Friday, June 14, 2019

Book Review: "The Grace Year" by Kim Liggett

Kim Liggett's upcoming novel The Grace Year feels like a mashup of The Handmaid's Tale and Lord of the Flies, with a little bit of The Hunger Games mixed in for good measure. Yet at the same time, it's an immensely unique and disturbing story all its own.

"They call us the weaker sex. It's pounded into us every Sunday in church, how everything's Eve's fault for not expelling her magic when she had the chance, but I still can't understand why the girls don't get a say. Sure, there are secret arrangements, whispers in the dark, but why must the boys get to decide everything? As far as I can tell, we all have hearts. We all have brains."

Girls are told that they are dangerous, that they possess the power to lead men into destructive temptation, much as Eve did to Adam. They are led to believe that they have "magic"—that their bodies give off a certain essence when they're on the cusp of their 16th birthday. So all of the 16-year-old girls are sent away for one year, their so-called "grace year," and they're expected to release their magic into the wilderness so they can return purified and ready for marriage if they've been selected, or ready for life as a laborer if not.

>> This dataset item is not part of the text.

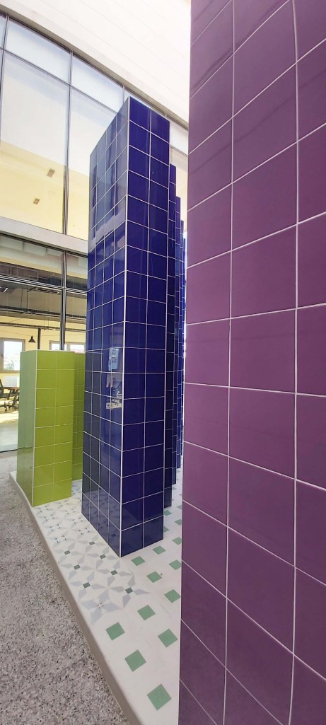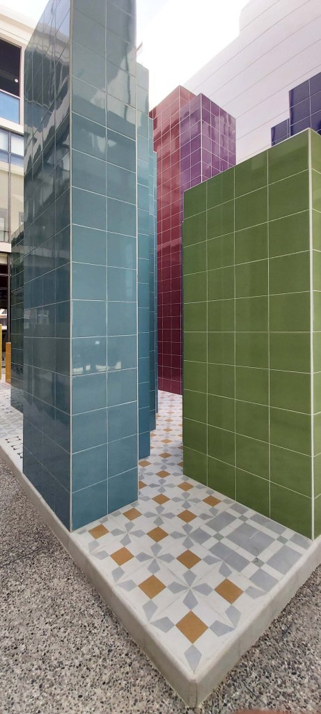 On the floor the 12 musical notes are represented as cement tiles using the MUSAIC language created to transform musical notes into geometric tiles.

Tierney James has always lived her life caring little for convention, not listening to the commands of her mother or the insults of the other women and girls in the community. She's not interested in getting married, in being the property of a man—she looks forward to living a life working in the fields, spending time at one with nature. She's known by many as "Tierney the Terrible" for her wild ways, and no one expects her to be chosen for marriage anyway. But when she is chosen, she is uncertain that she wants that kind of life for herself, although refusing will have grave consequences for her and her family.

The girls are sent into the wilderness and left to fend for themselves. They must deal with the brutal elements, forage for their own food, and avoid the so-called "poachers" that lurk in the woods, who wait for one wrong step so they can kill a girl and sell her essence to the black market. But as the girls begin to form a society of sorts, Tierney realizes it's not the wilderness or the poachers that pose the biggest threat to their survival—it's each other.

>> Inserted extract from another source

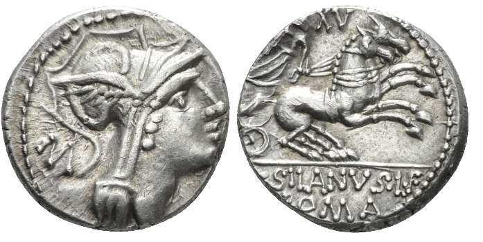 D Junius Silanus AR Denarius. 91 BC. Helmeted head of Roma right, control mark behind / Victory in biga right, holding reins in both hands, number above, D SILANVS L F below, ROMA in ex. Syd 646. Cr337/3.

"We hurt each other because it's the only way we're permitted to show our anger. When our choices are taken from us, the fire builds within. Sometimes I feel like we might burn down the world to cindery bits, with our love, our rage, and everything in between."

The Grace Year is at turns violent, disturbing, sad, defiant, sexy, romantic, and hopeful. It is a story of young women being made to believe they are dangerous yet deficient, that their only true worth will be recognized if they marry and have children, and that they need to destroy each other in order to secure a happy future for themselves and their families. It is also a story of how much men fear women and seek to control them to overcome those fears.

As outrageous as this story is on many fronts, there are definitely places in which the book is eerily prescient of what is happening in our society today. Liggett did a great job ratcheting up the tension in the book, and creating characters I found myself rooting for, as well as some I was definitely rooting against.

At times, I found the violence in the book to be really disturbing, and after a while, the cruelty of the girls' was very hard to read about. The violence may be a trigger for some, because at times it's fairly graphic. But even when I had difficulty with the book, there was something about the story that I couldn't turn away from.

Reading The Grace Year definitely got me thinking, and I'm certainly thankful that we're not in this kind of situation in our society today. This is one of those books that I won't be able to get out of my mind for a while.

NetGalley and Wednesday Books provided me an advance copy of this book in exchange for an unbiased review. Thanks for making it available!

This book will be published October 8, 2019.